Sumerian King List
Translation: Thorkild Jacobsen (ANET) via Livius.org (public-domain)
Overview
The Sumerian King List is an ancient Mesopotamian text that enumerates the kings of Sumer and Akkad from the primordial time 'when kingship descended from heaven' through historical rulers of the early 2nd millennium BCE, recording for each king the city where he reigned and the number of years of his reign. The text is notable above all for the extraordinary reign lengths attributed to pre-Flood kings — ranging from 18,600 to 43,200 years each — which shrink dramatically after the Flood to lengths that eventually approximate historical reigns. This structure, with its clear pre-Flood and post-Flood division and its dramatic compression of reign lengths following the deluge, makes the Sumerian King List one of the most discussed ancient parallels to the biblical genealogies of Genesis.
The King List survives in multiple versions on at least fifteen ancient tablets and prisms, the most complete being the Weld-Blundell Prism (now in the Ashmolean Museum, Oxford), which dates to approximately 1800 BCE but lists rulers down to around 1900 BCE. Different versions show different details, variant reign lengths, and different selections of dynasties, suggesting the text was regularly updated and served an ongoing political function: legitimizing the ruling dynasty by connecting it to the unbroken line of divinely sanctioned kingship stretching back before the Flood.

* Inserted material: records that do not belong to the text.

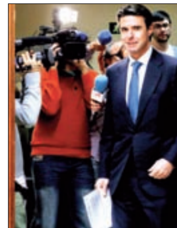
El ministro José Manuel Soria

Partido Socialista, Izquierda Plural, UPyD y las formaciones de izquierdas del Grupo Mixto reprocharon al departamento de José Manuel Soria que legisle a favor de las grandes eléctricas y en contra del interés general, reclamando
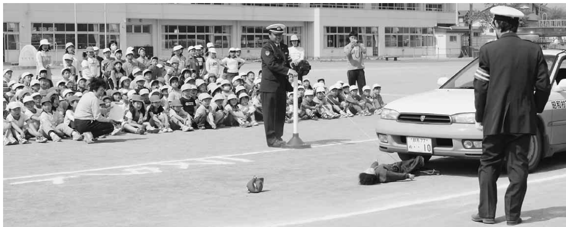
人形を使って衝突の実演（南小）
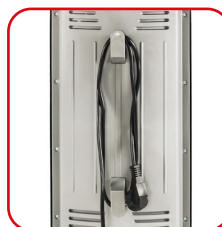
Comodo avvolgicavo Practical cord-winding hook
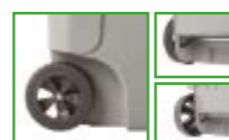
Ruote e assali premontati
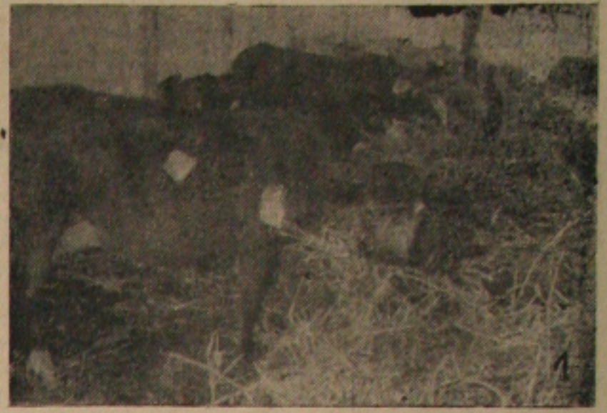
1 - VACAS MAGRAS, RAÇOS CARAS — apesar das chuvas. Sem comentários.

duvida, manobras dos especuladores que não se contentaram com as «furturas», desde cinco anos. Nesse caso o tabelamento rigoroso se impõe, como medida certa e oportuna. Mas, ontem a carne verde era escassa. O povo, especialmente as donas de casas voltaram desalentadas.
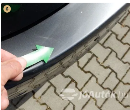
6 Karcok a hátsó lökhárító rakodóperemén
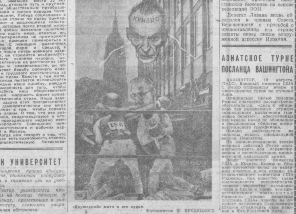
«Дружеский» матч и его судья.

Проболкая «валютную войну», западные партнеры еще более углубляют общий кризис империализма.
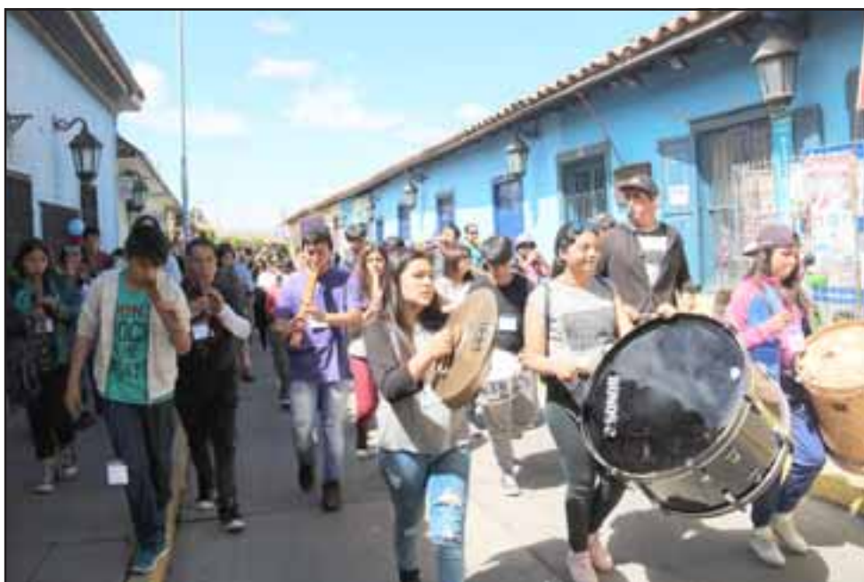
Una colorida y sonora Caravana se desplazó por Calle Comercio de Putaendo, en el inicio del 'VII Encuentro Binacional de Orquestas Latinoamericanas'.

Cabe destacar que participen orquestas provenientes de Osorno, Angol, Lanco, Valdivia, Cunco, Quilleco, Santiago, Valparaíso, San Felipe y La Serena. Además, dos agrupaciones argentinas provenientes de San Martín de Los Andes y Viedma.
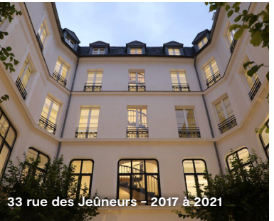
33 rue des Jeûneurs – 2017 à 2021
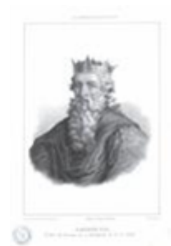
Le duc Amédée VIII

d'hommes en cas de guerre, ou pour prendre des résolutions après un grave incendie ou une disette. C'était aussi jusqu'au 15 e siècle le lieu où l'on rendait la justice. Au même niveau et juste au-dessus de la cuisine, la Chambre Rouge formait l'appartement privé des comtes de Genève. Deux tours assuraient la défense du Vieux logis ; l'une, la tour Saint-Pierre, possède encore sa couronne de créneaux, l'autre, la tour Saint-Paul, ses mâchicoulis.
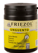
UNGUENTO FRIEZOL 250G

The Sumerian King List is not merely a historical document but a theological claim: kingship is divinely instituted, granted from heaven, and its legitimate exercise depends on divine favor. When a city's dynasty falls, the text records that 'kingship was taken to' another city — an almost providential language suggesting divine oversight of the succession of political power.
- Genesis 5 (antediluvian patriarchs with extraordinarily long lifespans)
- Genesis 6:4 (the Nephilim, 'mighty men of old')
- Genesis 10-11 (Table of Nations, Tower of Babel)
- Daniel 2:21 (God removes kings and sets up kings)
- Psalm 75:7 (God exalts and deposes rulers)
- Romans 13:1 (all authority comes from God)
The seventh king in many versions of the Sumerian King List is En-men-dur-ana of Sippar, a figure with a special divine relationship who was taught astronomical divination by the gods. Many scholars believe he is the Sumerian prototype of Enoch, the seventh patriarch in Genesis 5, who 'walked with God' — Enoch's 365-year lifespan matching the solar year, while Sippar was the city of the sun god Shamash.